Correction from the weekly we said Auchan's approach to releasing earnings was disappointing given it had €7b in public bonds - it has €4.8b in public bonds. Point we were making there is it's a large (& still frequent) public issuer.
It's released the earnings call recording (including English layover). Not too much there and a surprisingly light on detail and length Q&A - at least for a co that reported -40% fall in EBITDA and nearly 10-figure net income loss. The question we would have been most interested to ask is around pricing vs. peers and margins - how it will mange to become more competitive on former while maintaining the latter is still unclear to us.
- First question was about if Auchan was facing similar slide to Casino. Reminder this is a competitor that struggled to compete in core French market making losses on the bottom line while carrying heavy debt load - it had to eventually restructure debt, old bonds were trading in single digits when that came around. See {CO FP Equity}.
- Auchan mgmt response was high-level. Only worthwhile point it made was pointing out different debt levels (at circa net 1-turn within Auchan retail) - valid one.
- Still it's worthwhile pulling open Casino historical financials; it doesn't look bad...till you get to bottom line/net income; chunky impairment and other restructuring charges driving losses and it drove FCF pressure as well. We saw that in 1H results for Auchan too...please don't ignore below the EBITDA line items.

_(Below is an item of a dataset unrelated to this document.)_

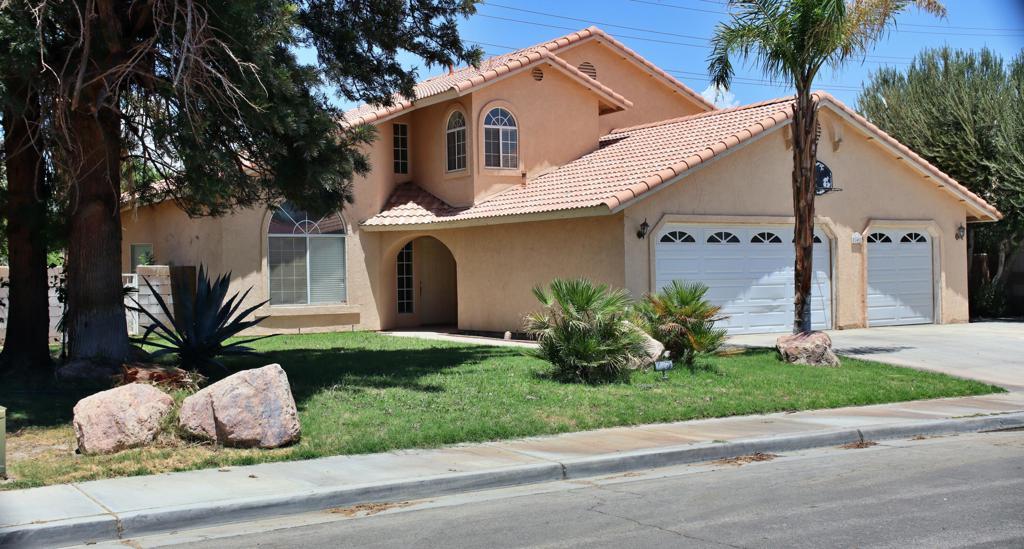 Great opportunity to own a two-story home in the city of Indio with No HOA and No Rental Restrictions. This property is perfect to call home, vacation home or as a short term rental. With TLC this home can have great potential. Home offers 2399 sq. ft. with four bedrooms two bath. Main floor has formal dining and living room, family room with cozy fireplace, breakfast nook, spacious kitchen, laundry room and two bedrooms and full bath. Spacious master bedroom with walk-in closet is located upstairs with large master bathroom that offers dual sinks, tub and separate shower. Third guest bedroom is located upstairs with walk in closet. There's also a bonus sunroom off of the family room and three car garage. Perfect location to restaurants, shopping, golf courses, and the famous Coachella Fest, Stagecoach, Polo grounds. Buyers to verify city short term rental requirements. Images are from a prior listing and may not represent the current landscaping condition. Updated photos coming soon. Buyers are advised to conduct their own due diligence regarding rental restrictions with the city of Indio.

- Questions around guidance and when turnaround would come were asked; answers again high-level but general themes were 1H seasonally weaker (says 30% of annual normally) and was impacted by one-offs. It says benefits should start to show in 2H and more into next year.
- Was asked about leverage; said comfortable with current levels.
- In pre-Q&A comments it said about 1/3 of €115m drag on French EBITDA was from Casino store acquisition and linked closures for rebranding. Somewhat reassuring but again we don't know how these previously loss-making stores will now perform.
- On the key French pricing war, comments remained confusing; "we are starting to reposition in price - its eating in on our margins but that is a strategic choice we have made". Yet it's prices were only -0.6% while volumes were circa -4% - i.e. it seems price investments it is doing is not enough and that is echoed in comparisons to Carrefour's sharper (& successful) price investments.
- Comments around margins again confusing "overheads are in control but are on the increase".
It was tying the rise in financing costs to refi-ing in a higher rate environment (last visit in April). It can add another 100bps to that on post-earnings moves. As we went through last week the hit to ICR's is not pleasant. Yes it has real-estate holdings, no that is not the core business and if we add on the retail arm's debt we are left with what looks like a highly levered Retail REIT running below market yields.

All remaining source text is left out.